-- TASK PROMPT --
Skip the pictures and repeat each line of the data exactly.

-- RECORDED DATA --
◇ ◇ ◇ ◇ ◇
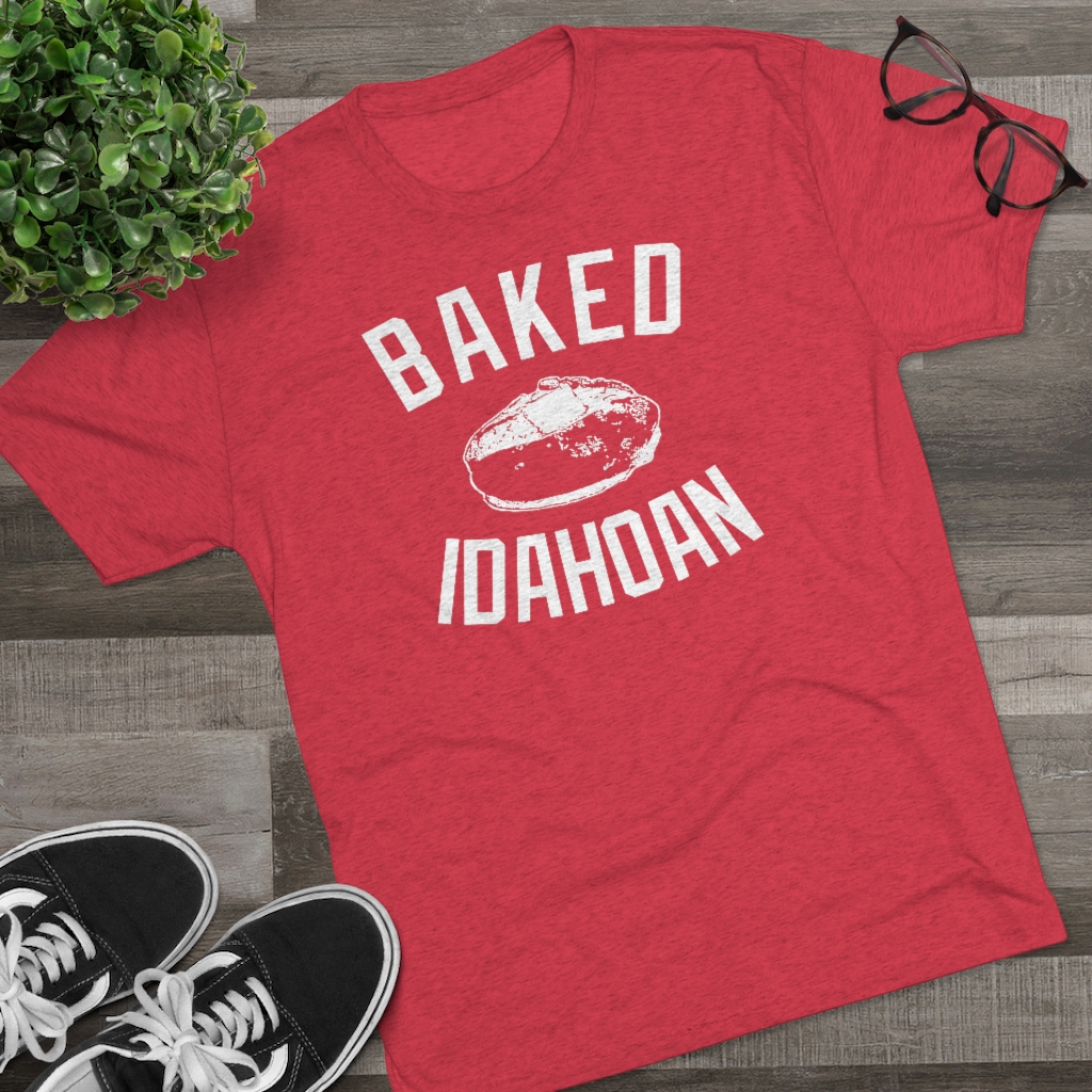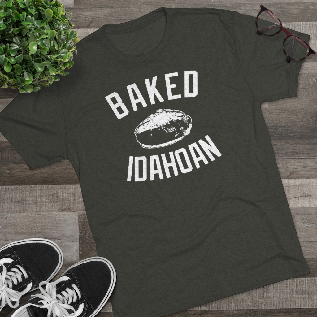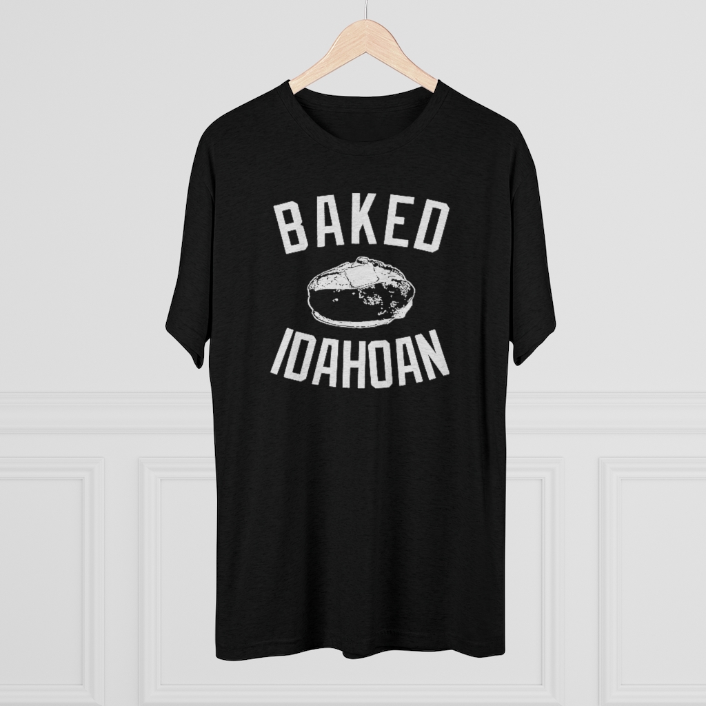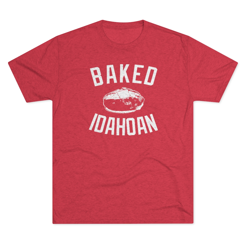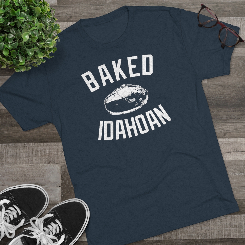 The Baked Idahoan design is printed on a crazy soft, comfortable, stretchy men’s/unisex, triblend tee that will quickly become your favorite Idaho shirt. This tshirt runs true to size but has more of a modern, “fashion” fit, so we recommend going up a size if you prefer your shirts a little baggier. For women, we recommend ordering a size smaller than you would in a women’s fit tee.
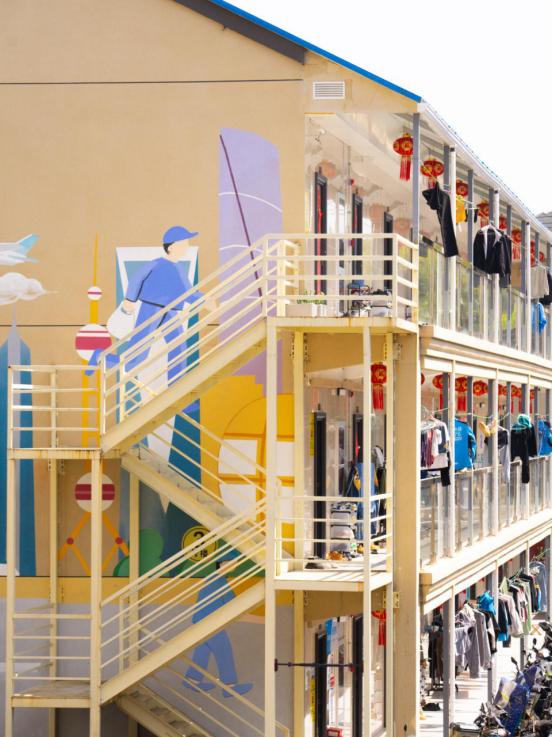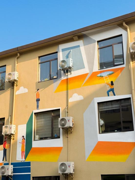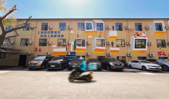 2024年4月,闵行区新虹街中航公寓“新时期城市建设者管理者家族”正式投入使用,由老厂房成长而成。其中,3号楼作为上海第一栋“骑手楼”,拥有100多名外卖骑手。墙绘采用裸眼3D艺术形式,目前在商业街区和文化地标流行,通过“三维景深”将传统建筑窗户转化为充满未来感的城市景观。
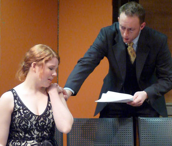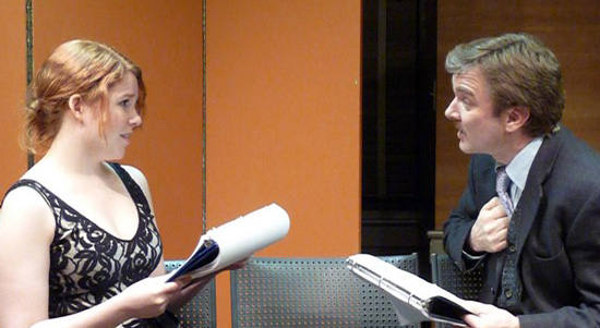 Clive (Jeffrey Eiche) learns his ex-wife, Lady Kitty, is returning for a visit ... and she's bringing the man she left him for! | Lady Kitty (Paula Hoza), lover of lipstick and romance, reminisces. | The 'other man', Lord Porteous (David Seatter), is less than pleased to see Lady Kitty flirting with her ex-husband. |
◇ ◇ ◇ ◇ ◇
-- EXERCISE ANSWER --
 The Baked Idahoan design is printed on a crazy soft, comfortable, stretchy men’s/unisex, triblend tee that will quickly become your favorite Idaho shirt. This tshirt runs true to size but has more of a modern, “fashion” fit, so we recommend going up a size if you prefer your shirts a little baggier. For women, we recommend ordering a size smaller than you would in a women’s fit tee.
 2024年4月,闵行区新虹街中航公寓“新时期城市建设者管理者家族”正式投入使用,由老厂房成长而成。其中,3号楼作为上海第一栋“骑手楼”,拥有100多名外卖骑手。墙绘采用裸眼3D艺术形式,目前在商业街区和文化地标流行,通过“三维景深”将传统建筑窗户转化为充满未来感的城市景观。
 Clive (Jeffrey Eiche) learns his ex-wife, Lady Kitty, is returning for a visit ... and she's bringing the man she left him for! | Lady Kitty (Paula Hoza), lover of lipstick and romance, reminisces. | The 'other man', Lord Porteous (David Seatter), is less than pleased to see Lady Kitty flirting with her ex-husband. |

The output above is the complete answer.